Mientras escribo estas líneas escucho monótono un coro de mujeres que entonan el "Perdona a tu pueblo Señor, no estés eternamente enojado, perdónale Señor". Hoy pernocto en una ermita del pueblo de Fuentes, una pequeña habitación en una esquina de la ermita. También comí por cuenta de una fundación que se ocupa de los peregrinos. Una señora legó tras su muerte algunos edificios de su propiedad y tierras para uso comunitario y dejó establecido que a todo peregrino que pasara por el lugar debería dársele alojamiento y comida. Así que hoy soy el beneficiario de una dadivosa dama fallecida hace un puñado de años. Fue el mismo alcalde el que me condujo hasta la ermita.

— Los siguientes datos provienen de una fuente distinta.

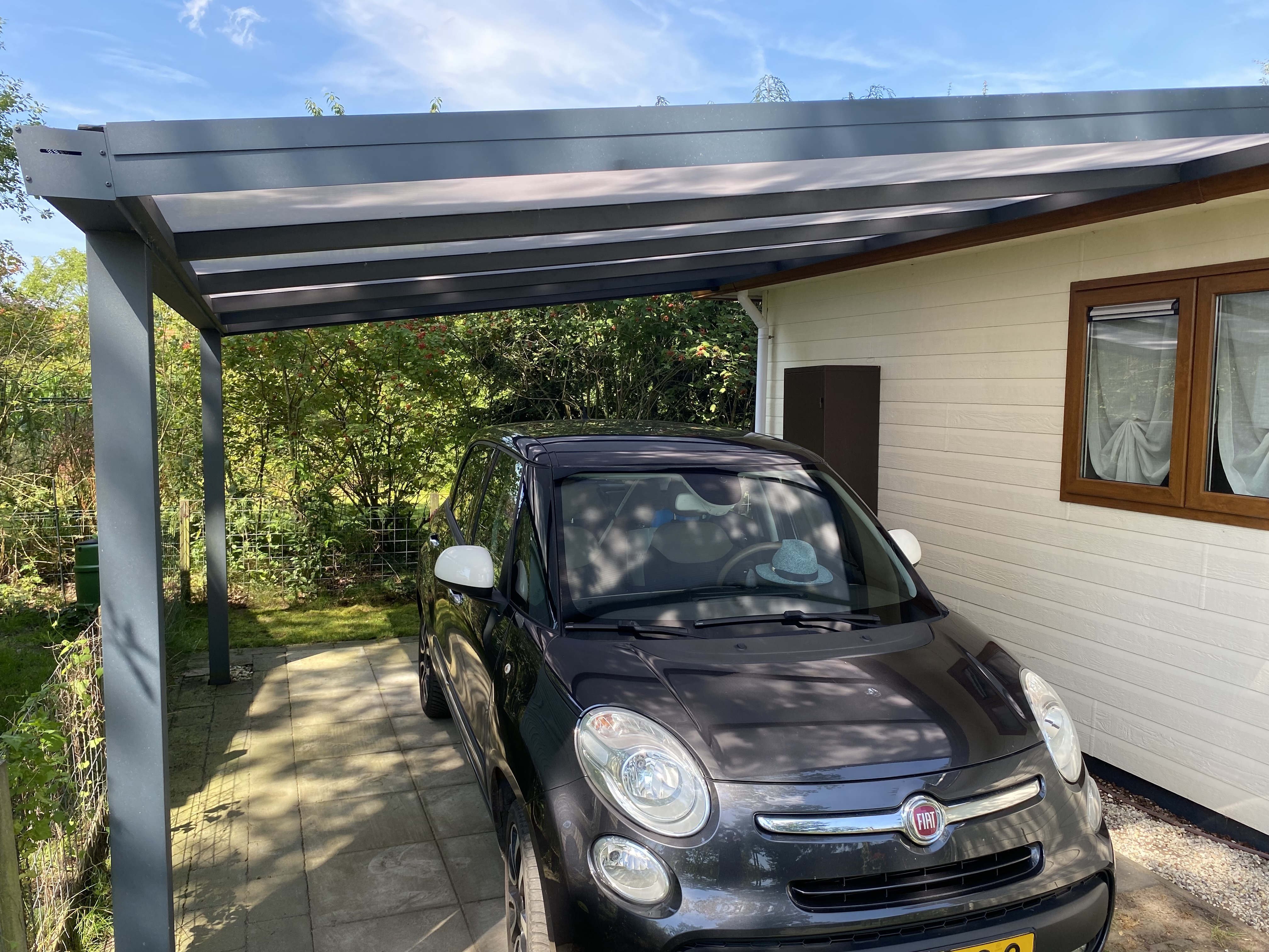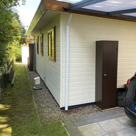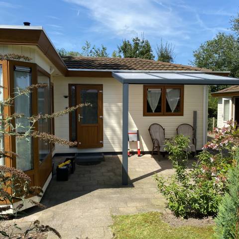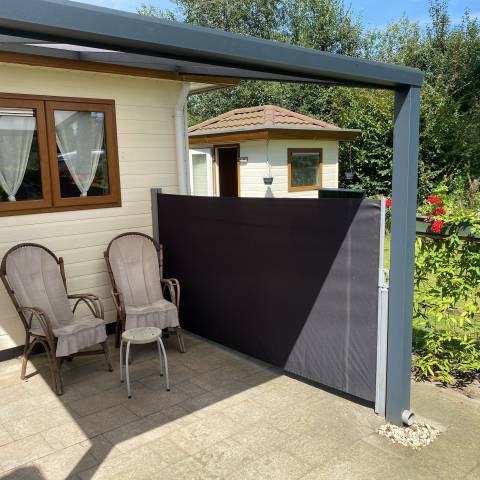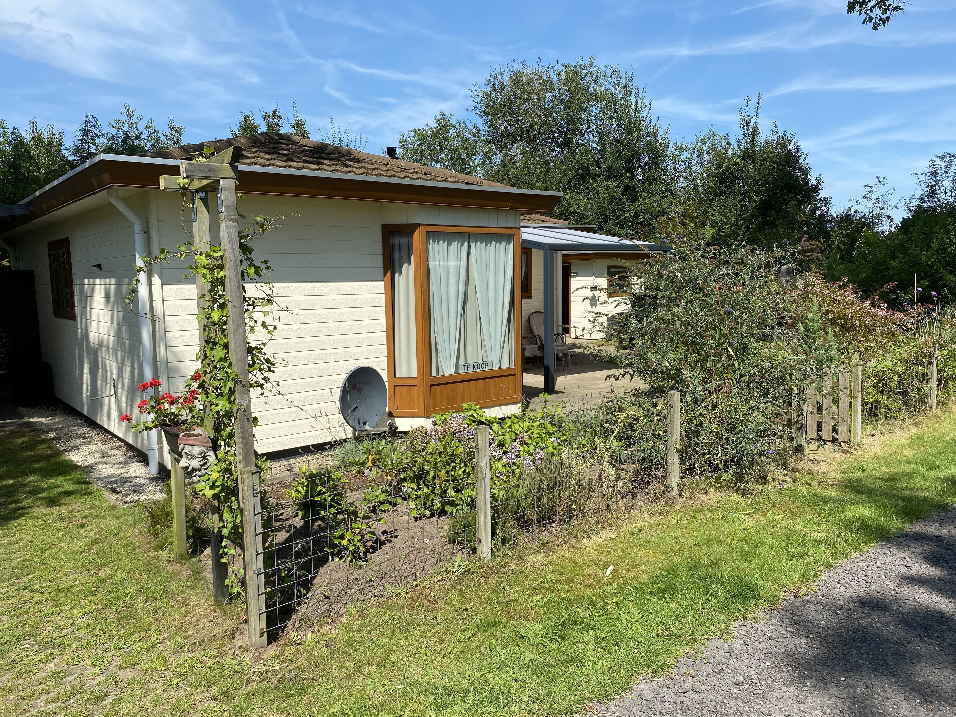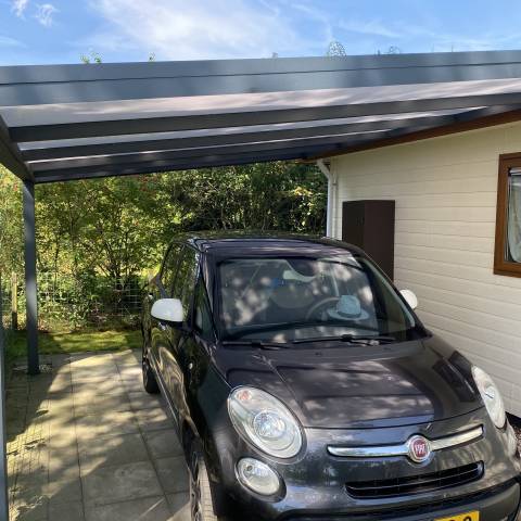De fraai aangelegde tuin geeft redelijk wat privacy. De in hetzelfde materiaal als het chalet uitgevoerde berging is voorzien van een werkbankje. De kavel beschikt over een eigen overdekte parkeerplaats voor de auto. Een 2e overkapping is gesitueerd op het terras aan de voorzijde van het chalet. Hieronder is ook ruimte voor een tafel met stoelen om buiten, onder de overkapping, te kunnen eten. Met behulp van een uitrekbaar tuinscherm kan de privacy hier nog worden vergroot.

Pasaba por las calles del pueblo pensando en buscar el ayuntamiento cuando Chaparro, un hombre alto de mirada vacilante acaso por un pequeño exceso de alcohol para la hora que era, se me cruzó en el camino y me llevó casi de la mano hasta la puerta del alcalde. Por la tarde, cuando salí a darme una vuelta, me lo encontraría de nuevo, o acaso estuvo al acecho para encontrarse conmigo. Chaparro ha sido seminarista, está en paro y tiene unas enormes ganas de charlar. Resultó que había vivido de pequeño en el barrio Extremadura, el mismo en que yo pasé mi infancia, lo que dio pie a que un pedazo de su vida saliera a colación incluida su etapa de seminarista, una condición a la que fue a parar a instancias de un tío cura. A los doce años quedó aislado en un seminario cercano a una pequeña aldea conquense. Me cuenta el martirio que supuso para él dejar a sus padres para vivir en aquel exilio. No resistió más allá de tres años, sin embargo elogia la educación que le dieron allí. Chaparro quiere retenerme, tomarse una cerveza conmigo, seguir charlando. Tiene casa, pero está solo, y en paro y tiene una terrible necesidad de que le escuchen y le den un poco de calor humano. Me da un poco vergüenza pero el peregrino, un servidor, tiene algo de miedo ante esa excesiva intimidad que se abre frente a su interlocutor. Insisto en que tengo que acostarme temprano y poco a poco mientras él comienza a arrojar su aislamiento y falta de sentido de la vida sobre mí yo continúo despidiéndome y diciéndole indecentemente, venga, Chaparro, me tengo que ir, que te vaya bonito. Le veo consumir los dos últimos centímetros de la colilla de su cigarro con la fruición de quien respira hondo para hacer llegar el oxígeno a sus pulmones. Adiós, Chaparro, hasta otra.